Records provided:
__________________________________________________

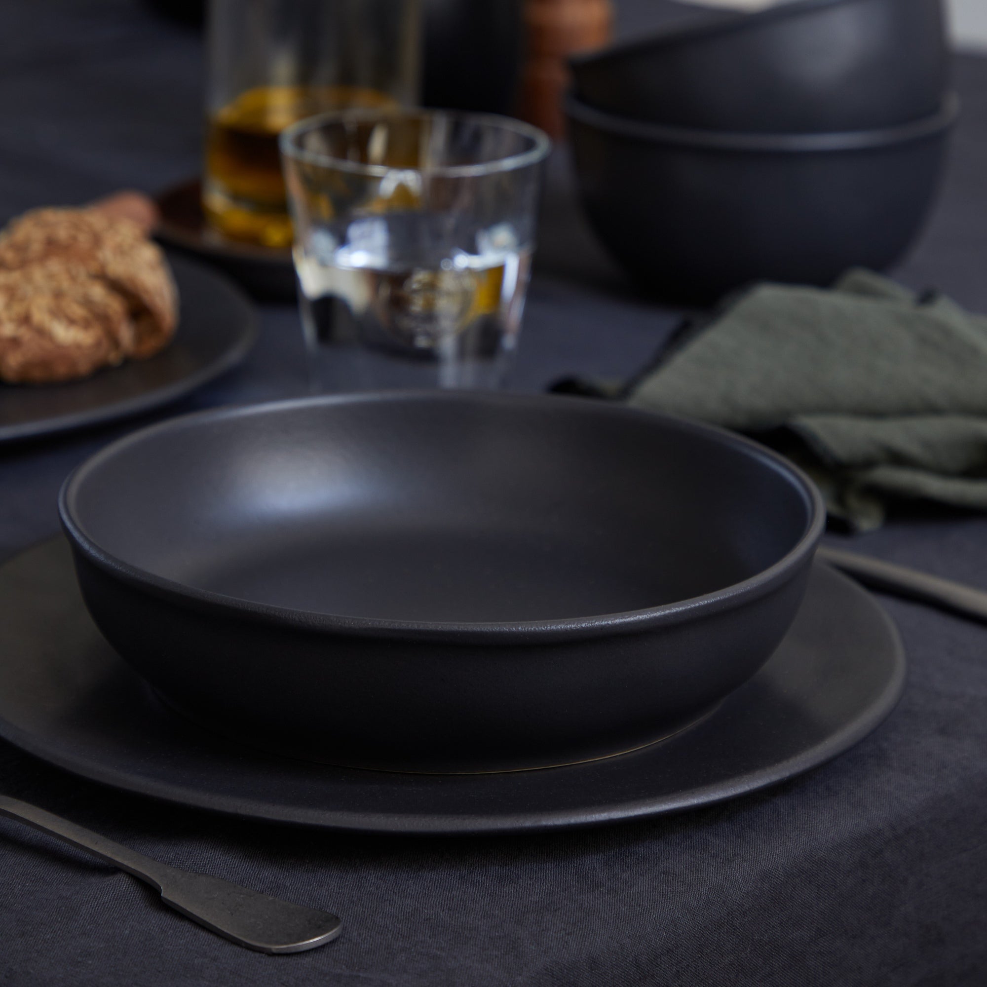 Dinner plate – D27.7 H2 cm, Pasta bowl – D21.4 H4.3 cm | 32.6 cl, Salad/dessert plate – D21.9 H2.1 cm
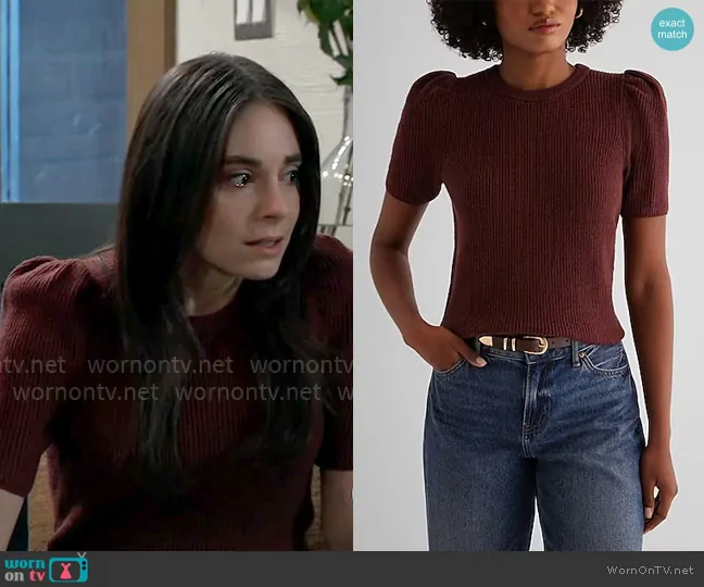 Express Ribbed Crew Neck Puff Sleeve Sweater worn by Molly Lansing-Davis (Kristen Vaganos) on General Hospital
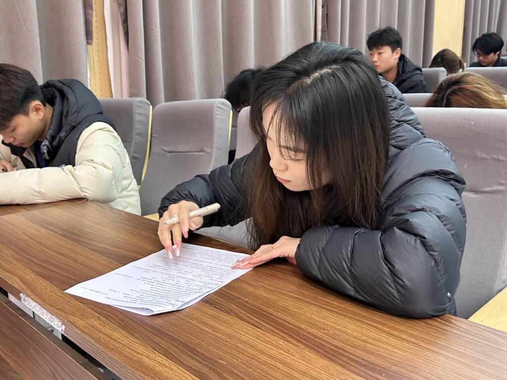 11月24日,医学院2025年下半年入党积极分子培训结业考试在107室有序开展。本次考试聚焦培训核心内容,试题涵盖党的基本理论、党史脉络、方针政策等多维度知识,全方位检验学员的培训学习成果。考场上,学员们专注审题、认真作答,以严谨的态度完成每一道题目,既展现了对党的理论知识的扎实掌握,也以实际行动践行了培训中锤炼的严谨作风。这场结业考试不仅是培训成效的“验收台”,更让学员在巩固理论的过程中进一步坚定信仰,为后续以更饱满的热情向党组织靠拢、以更扎实的素养投身医学事业蓄力赋能。
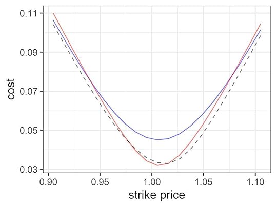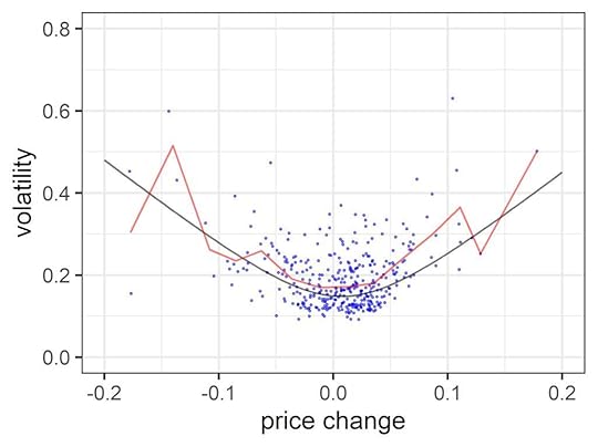 Now, the volatility smile usually refers to the volatility that is implied by the price paid for options, so you could argue that it is based on traders’ subjective projections about the future, and is just a figment of their imagination.
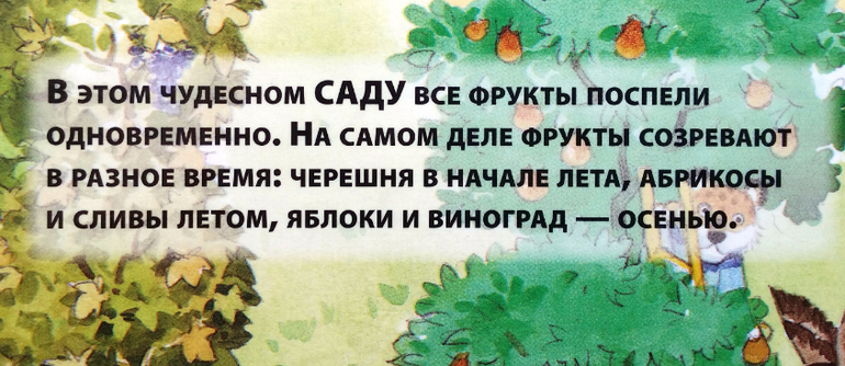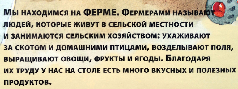 Приобрела, когда сыну был год, но равновато... Основательно достали ее в 1.4 года. И, думаю, до 4-5 лет точно будет актуальна. Конечно, сначала интерес появился к игровому элементу - окошками, и к животным, часть из которых сын уже знал, а вот где они живут, какую пользу приносят обществу - изучаем сейчас. В некоторых окошках есть более сложные объяснения, поэтому книга может служить энциклопедией по сельскому хозяйству для деток 4-5 лет. Также книгу можно использовать как гляделку, потому что на одном развороте собрано много разных ситуаций, и не без детского юмора (лиса ворует сыр из корзины у мишек на пикнике и т.п.).
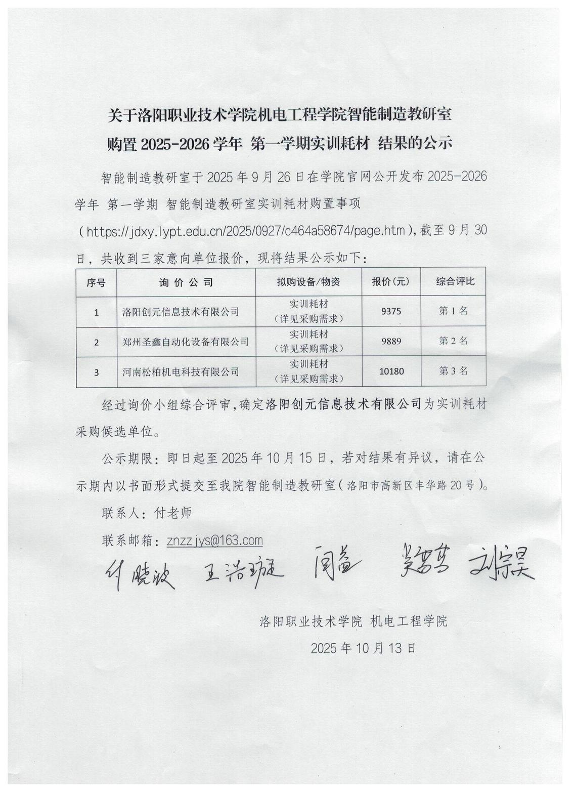 智能制造教研室购置2025-2026学年第一学期实训耗材结果的公示
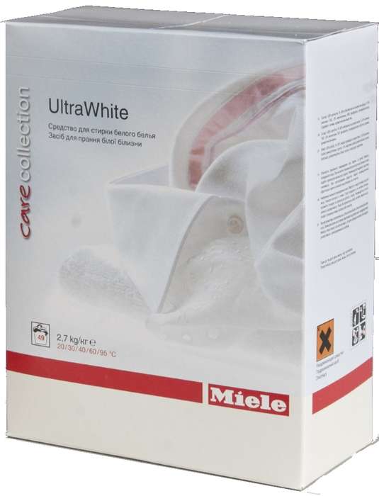 Компания предлагает набор собственных средств по уходу за вещами – CareCollection. Они продаются в Miele-Галереях и в других магазинах, где можно приобрести стиральные машины Miele. Суперконцентрат для белого и светлого белья, который мы использовали в тесте, стоит 1100 руб., упаковка 2,7 кг, расход примерно на 42 стирки. Цена одной стирки 26 руб. (на 5 кг вещей достаточно 40-50 мл средства, то есть около 2 столовых ложек).
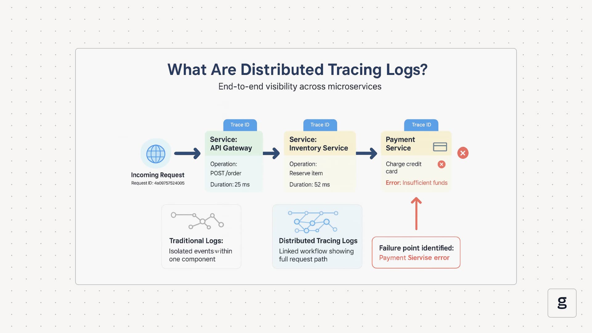 This connection is what differentiates distributed tracing logs from regular logs. Traditional logs only describe what happens inside one component. Distributed tracing logs reveal how each component contributes to the overall workflow. This makes it easier to locate delays, failures, or misconfigurations.

__________________________________________________

Starting with the first line of the data, transcribe every line exactly through the one containing "智能制造教研室购置2025-2026学年第一学期实训耗材结果的公示". No pictures go in.

 Dinner plate – D27.7 H2 cm, Pasta bowl – D21.4 H4.3 cm | 32.6 cl, Salad/dessert plate – D21.9 H2.1 cm
 Express Ribbed Crew Neck Puff Sleeve Sweater worn by Molly Lansing-Davis (Kristen Vaganos) on General Hospital
 11月24日,医学院2025年下半年入党积极分子培训结业考试在107室有序开展。本次考试聚焦培训核心内容,试题涵盖党的基本理论、党史脉络、方针政策等多维度知识,全方位检验学员的培训学习成果。考场上,学员们专注审题、认真作答,以严谨的态度完成每一道题目,既展现了对党的理论知识的扎实掌握,也以实际行动践行了培训中锤炼的严谨作风。这场结业考试不仅是培训成效的“验收台”,更让学员在巩固理论的过程中进一步坚定信仰,为后续以更饱满的热情向党组织靠拢、以更扎实的素养投身医学事业蓄力赋能。
 Now, the volatility smile usually refers to the volatility that is implied by the price paid for options, so you could argue that it is based on traders’ subjective projections about the future, and is just a figment of their imagination.
 Приобрела, когда сыну был год, но равновато... Основательно достали ее в 1.4 года. И, думаю, до 4-5 лет точно будет актуальна. Конечно, сначала интерес появился к игровому элементу - окошками, и к животным, часть из которых сын уже знал, а вот где они живут, какую пользу приносят обществу - изучаем сейчас. В некоторых окошках есть более сложные объяснения, поэтому книга может служить энциклопедией по сельскому хозяйству для деток 4-5 лет. Также книгу можно использовать как гляделку, потому что на одном развороте собрано много разных ситуаций, и не без детского юмора (лиса ворует сыр из корзины у мишек на пикнике и т.п.).
 智能制造教研室购置2025-2026学年第一学期实训耗材结果的公示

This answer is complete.